3. Estimation: This chapter estimates the posterior probability upon rolling of a multi-face die (4-/6-/8-/12-/20-sides die) and successive rolling of dice (more data points changes the probability distribution), and probability of the number of locomotive given the observation of one locomotive number. This is when you really need to have the computer do the work for you. The intuitive part is that the more information you have, the better your estimation is going to be, as some data points would be ruled out. For example, finding 6 eliminates the 4-sided die.

4. More Estimation: In this chapter, the author covers the “biased” Euro coin problem. The interesting phenomenon is that the prior hypothesis makes little difference (provided you don’t rule things out with 0 probability), the posterior distribution will likely converge with more data points.

5. Odds and Addends: The author covers the “odds” form of the Bayesian Theorem, o(A|D)=o(A)*P(D/A)/P(D|B), which is probably easier to understand for most people. The Addends part of the chapter goes into getting the density and distribution functions.

6. Decision Analysis: Given a prior distribution function, what’s the best decision to make given some data. The author presented a Price Is Right scenario and solve the best price to bid for a show case showdown based the past data and best guess to adjust the bid. The PDF, Probability Density Function, is introduced here. Also the use of KDE (Kernel Density Estimation) is used to smooth PDF that fits the data. This is an interesting application of Bayes Theorem. The math is complicated and couldn’t be done without a computer. I guess it would be good to bring your computer to the Price Is Right game.

7. Prediction: Here the author presented a better way to predict the outcome of a playoff game score based on past data between two teams (Boston Bruin vs. Vancouver Canucks.) This should be no difference from how the gambling industry computes the odds before a big game. Just imagine all the gambling earning you could’ve made by mastering this chapter! I’m sure someone has applied the same idea/theory to the financial market like stocks, bonds and futures.

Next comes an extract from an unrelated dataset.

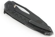 This Sigil by Microtech Knives features a DLC blade with thumb hole, flipper and notched thumbrest. The handle has a DLC aluminum and stonewash finished titanium frame, tip up clip and backspacer with a matching overtravel stop, stainless lockface insert. Comes with original box and papers. Light scratches are visible on the handle and the blade otherwise the knife is in excellent condition. S/N 1734 and dated 12/2017.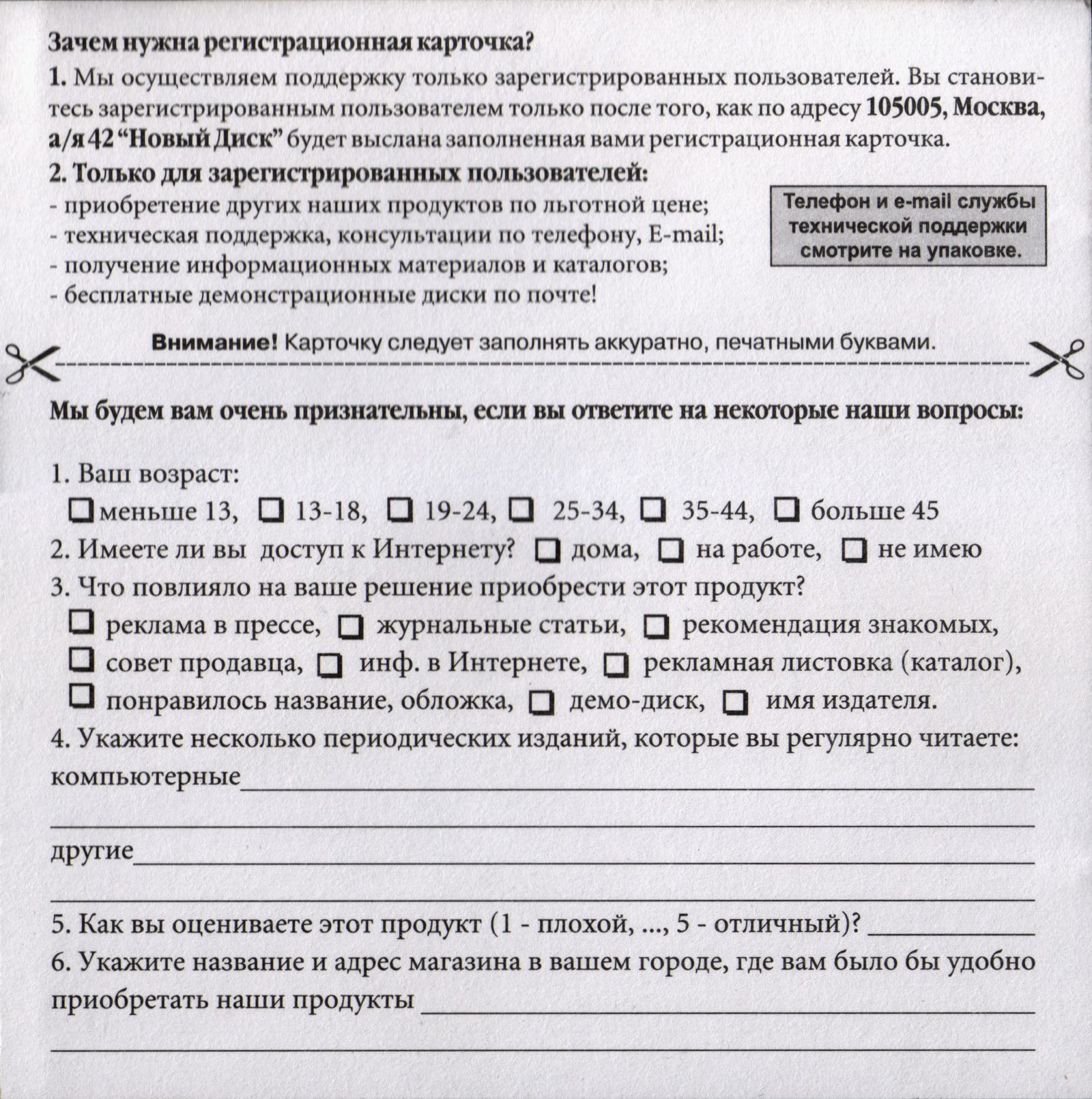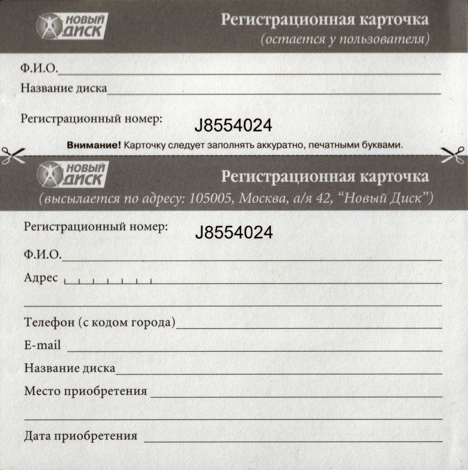 Jewel. Регистрационная карточка, оборотная сторона

8. Observer Bias: This is another angle of predicting the outcome (like the wait time for the next train at a given time) taking into account of the observer bias.

9. Two Dimensions: Using the paintball example, the author applies the Bayesian framework to the two-dimensional problem. In addition, the joint distribution , marginal distribution, and conditional distribution. And you don’t think one dimensional Bayesian framework is confusing enough…

10. Approximate Bayesian Computation (ABC): When the likelihood of any particular dataset is 1) very small, 2) expensive to compute, 3) not really what we want. We don’t care of about the likelihood of seeing the exact dataset we saw but any dataset like that.

11. Hypothesis Testing: The Bayes Factor, the ratio of likelihood of a new scenario to that of the baseline, can be used to test the likelihood of a particular hypothesis, e.g. fairness/cheat of an Euro coin. Bayes factor of 1~3 is barely worth mentioning, 3~10 is substantial, 10~30 strong, 30~100 very strong, >100 decisive.

12. Evidence: Test for the strength of evidence. “How strong is the evidence that Alice is better than Bob, given their SAT score?”

13. Simulation: Simulate the tumor growth rate based on prior growth rate and the data points of current tumor size, age and etc.

14. A Hierarchical Model: reflects the structure of the system, with causes at the top and effects at the bottom. Instead of solving the “forward” problem, we can reverse engineer the distribution of the parameters given the data. The Gaiger counter problem demonstrates the connection between causation and hierarchical modeling.

15. Dealing with Dimensions: This last chapter combines all of the lessons so far and applies to the “Belly Button Bacteria” prediction and simulation. This is a very difficult chapter to understand and probably requires the full understanding of the previous lessons.